First off there’s that foster care stigma that follows you. I lived in a small town, about 180 people, so new people are recognized quickly. My foster home was well known and everybody knew I was in foster care. You may live in a larger area or you may not look like a foster kid, but I’m sure it will come up at some point. Unfortunately many people negative preconceived ideas when it comes to foster kids. As an employer many think troubled kid, stealing, issues in life, not being reliable or not having a reliable ride. A couple of those may even be true. My first boss told me after I had worked there that she wouldn’t have hired me without the recommendation of the superintendent that I had gotten. She had preconceived ideas of the employee I would because I was a foster kid, and it wasn't a good one.

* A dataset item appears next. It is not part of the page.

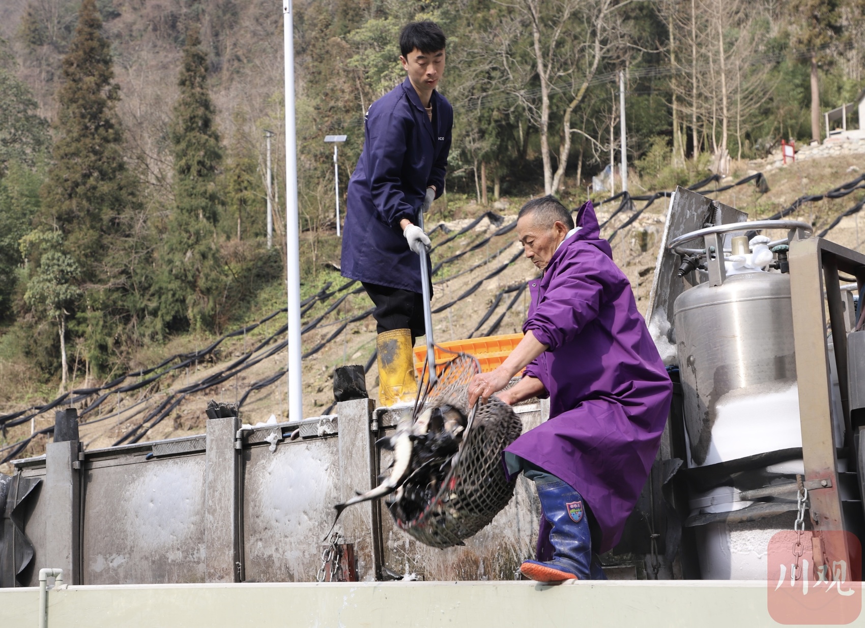 2月2日,汶川县三江镇静居村的山泉水经管道流入河畔的鱼池,工作人员把“远道而来”的鱼苗小心地倒入池中。“这8000斤鱼苗全是从邛崃转运过来的鲟鱼。”静居村党支部书记徐敏说。

Speaking those preconceived ideas of a foster kid, the not having a ride part can be a problem. It’s not easy to get your license as a foster care and you have to have money to buy a car. If you think about it the order of how you have to do things really works against you. Luckily I had a situation where I worked close and had someone to take me. Many kids do not. One thing you can learn in life really quick as a foster kid. Most people you have to interact with CAN’T care about your situation or that you’re in foster care. It’s bad for business. An employer isn’t going to keep you around if you can’t get to work all the time on time just because you're having foster kid problems.
It’s a good lesson to learn, but also a tough one. In life, foster kids are going to be babied. When that water bill comes in you can’t tell them your life story and get a pass. As a foster kid, if your want to be successful you may have to work a little harder than the next person. When you do get to that point where you’ve reached your success, it feels that much better looking back on where you came from.